A more desirable method of abdominal wall repair is to use a covered repair, with a layer of peritoneal tissue or hernia sac tissue in the inner layer and a polypropylene mesh repair outside. It would be better to add a layer of rectus abdominis tissue in front of the peritoneal tissue by the technique of sheath separation of rectus abdominis and then reinforced with polypropylene mesh.
5. Non-surgical methods to prevent intestinal adhesions and intestinal obstruction
Lifestyle changes are an important means to prevent the frequent occurrence of adhesive intestinal obstruction.
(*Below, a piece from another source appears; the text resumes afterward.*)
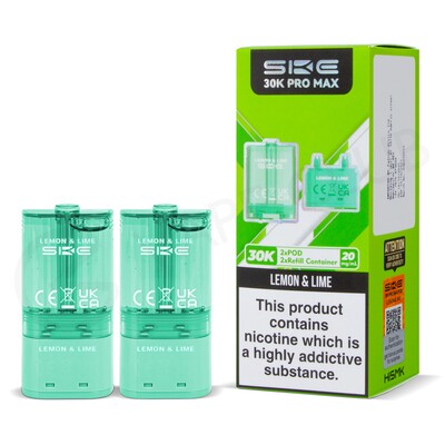 Lemon & Lime SKE 30K Pro Max refill packs are replacements for the SKE 30K Pro Max big puff vape kit. Delivering up to 30,000 puffs in total, they’re designed for MTL (Mouth To Lung) vaping, and will produce an inhale that feels like a cigarette, making them ideal for beginners or anyone looking for lower levels of vapour. As they're replaceable, just grab a new refill pack once the e-liquid inside runs out.
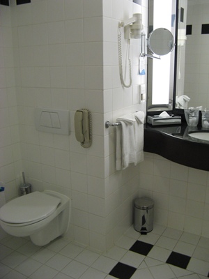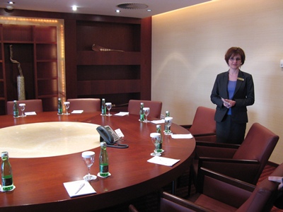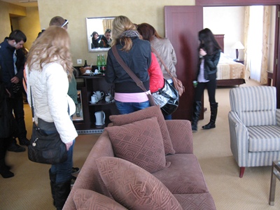 Druhou zastávkou bol hotel Crowne Plaza, kde sme boli rozdelení na dve skupiny a venovali sa nám dvaja manažéri. Žiaci videli priestory, ktoré sú k dispozícii najmä kongresovej klientele, ale aj ubytovacie priestory, oboznámili sa so štandardmi hotelovej siete a videli uplatnenie naučenej teórie z predmetu gastronomický manažment v praxi.

This is a problem often ignored by both clinicians and patients. Surgery is not the only way to solve the disease. If patients do not change their lifestyle and “eat and drink a lot”, they will still have intestinal obstruction even after intestinal alignment surgery.
The correct way of eating is to consume small amounts of food several times, which is called “less food and more meals”. Avoid the instantaneous increase of intestinal contents, which may cause the adherent intestine to drop down into an angle. Patients with frequent adhesive intestinal obstruction should not eat food with crumbled food. First, try to eat less insoluble dietary fiber, such as leeks, bamboo shoots or dried bamboo shoots, which is known as crude fiber in folklore; second, eat less food containing tannic acid, such as persimmon, hawthorn with dates. Tannic acid in these foods will make the protein deformation and the formation of the group fast, into the intestinal cavity is not easy for the digestive juices and the mechanical movement of the small intestine crushed, in the intestinal tube adhesion hanging into the corner of the formation of obstruction.
There is no once-and-for-all method to solve adhesive intestinal obstruction. In addition to using various methods mentioned above to reduce the occurrence of adhesions, the best way is to summarize the pattern of occurrence of adhesional intestinal obstruction each time it occurs. It is more important to avoid eating the mode and food that cause adhesive bowel obstruction than to operate again. Intestinal alignment should be considered only in cases of frequent occurrence of adhesive bowel obstruction despite repeated attention to lifestyle. Lifestyle changes should still be attended to after intestinal alignment surgery. After the occurrence of adhesive intestinal obstruction, if there is a long asymptomatic “quiet period”, the intestinal wall will be less inflammatory edema, the adhesions will gradually evolve from scar adhesions to membranous adhesions, and the incidence of intestinal obstruction will also become smaller. In Chinese medicine, the so-called post-cesarean section is a major injury to the vital energy, and it takes years to accumulate vital energy, which in a way emphasizes the role of quiet recuperation and waiting for the adhesions to relax.